The Conceptual Frame: Two Pathways and the Dead Donor Rule
In all jurisdictions where deceased organ recovery is performed, the dead donor rule applies: vital organs may only be recovered from individuals who have already been declared dead, and recovery itself must not be the proximate cause of death [1]. The rule operationalizes a pre-existing ethical commitment — that physicians do not kill patients in order to obtain organs — into a procedural requirement, and it shapes everything downstream, from how brain death is examined to how long teams must wait after circulatory arrest in DCD.
Two physiological pathways can satisfy the rule. The first, established conceptually in the late 1960s, is the irreversible cessation of all functions of the entire brain, including the brainstem [2]. The second, much older, is the irreversible cessation of circulatory and respiratory function. The 1981 Uniform Determination of Death Act (UDDA) in the United States codified both routes in a single statute and provided the legal model that most U.S. states and many other jurisdictions adopted: an individual who has sustained either irreversible cessation of circulatory and respiratory functions or irreversible cessation of all functions of the entire brain, including the brainstem, is dead [3]. Most other countries with formal frameworks for deceased donation use comparable wording, although the clinical procedure for declaring each form of death and the legal recognition of each varies considerably.

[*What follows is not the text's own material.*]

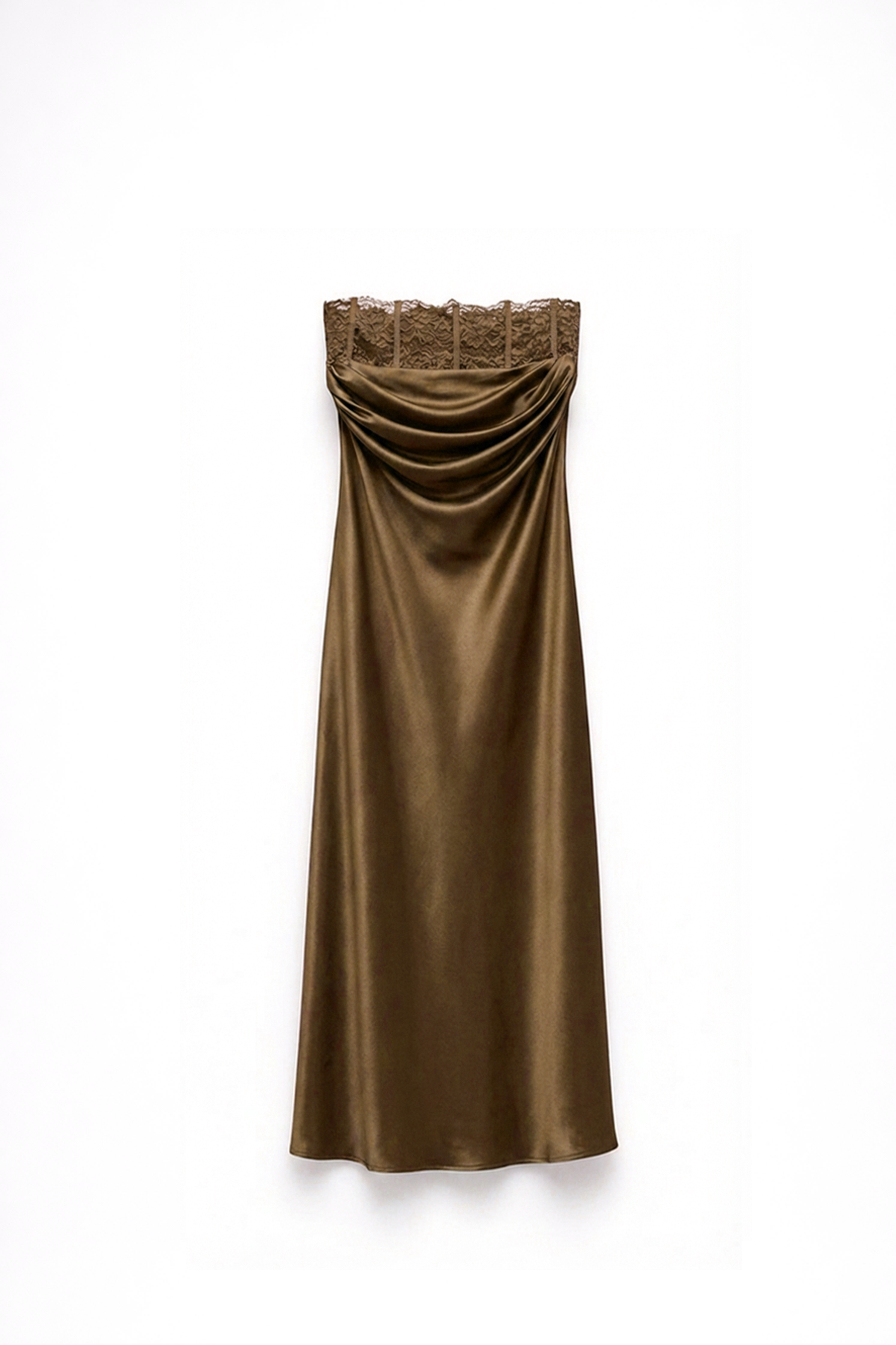 Abito lungo in tessuto satinato in 100% rayon. Inserto in pizzo sulla scollatura interna. Scollo morbido drappeggiato sul davanti. Spalline sottili regolabili. Fodera interna. Chiusura posteriore con zip invisibile centrale. Vestibilità regolare, disponibile in taglia S, M, L.
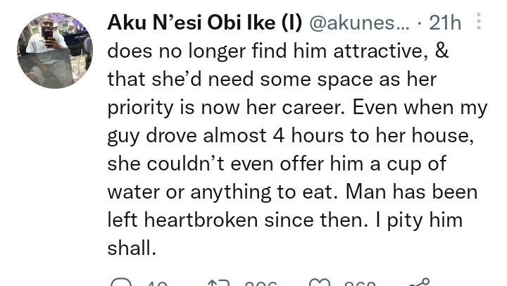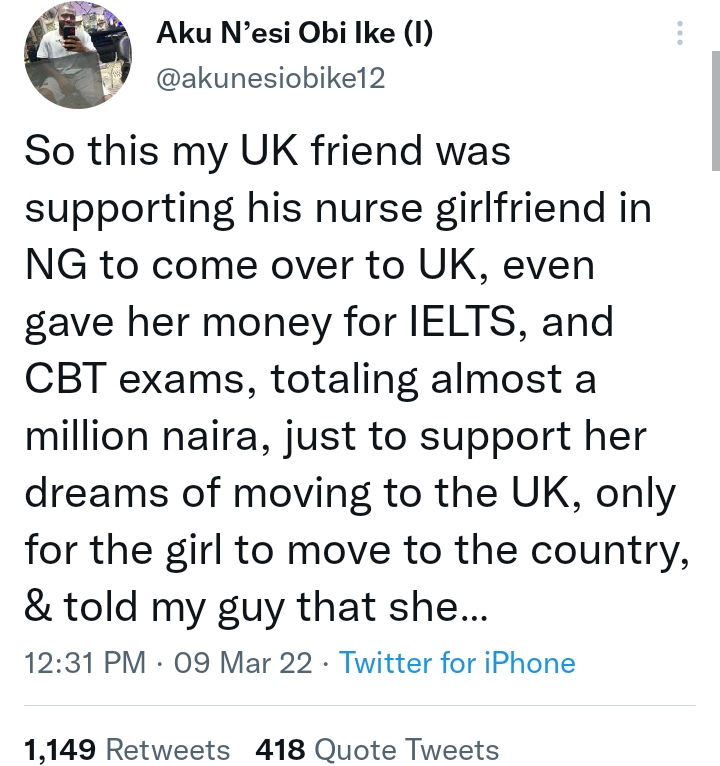 “So this my UK friend was supporting his nurse girlfriend in NG to come over to UK, even gave her money for IELTS, and CBT exams, totaling almost a million naira, just to support her dreams of moving to the UK, only for the girl to move to the country, & told my guy that she no longer find him attractive, & that she’d need some space as her priority is now her career. Even when my guy drove almost 4 hours to her house, she couldn’t even offer him a cup of water or anything to eat. Man has been left heartbroken since then. I pity him shall.”

Donation after Brain Death
3.1 Origins of the concept
The intellectual origin of brain death is usually traced to the 1968 report of the Ad Hoc Committee of the Harvard Medical School to Examine the Definition of Brain Death, which proposed "irreversible coma" as a new criterion for death [2]. Henry Beecher and his colleagues argued that improvements in mechanical ventilation and intensive care had produced a new clinical entity — a permanently unconscious patient with no spontaneous breathing or brainstem reflexes whose somatic functions could nevertheless be maintained for a time — and that this entity warranted formal recognition as death. Although organ procurement was not the only reason cited (the report also addressed the futility of continued treatment), the Committee was explicit that recognizing irreversible coma as death would also clarify the ethics of organ recovery.
Through the 1970s, the criteria were refined into a more recognizably modern form, and in 1981 the U.S. President's Commission and the UDDA aligned the legal and clinical understanding of death by neurological criteria, which is now more often called death by neurologic criteria (DNC) or brain death/DNC (BD/DNC) in international literature [3].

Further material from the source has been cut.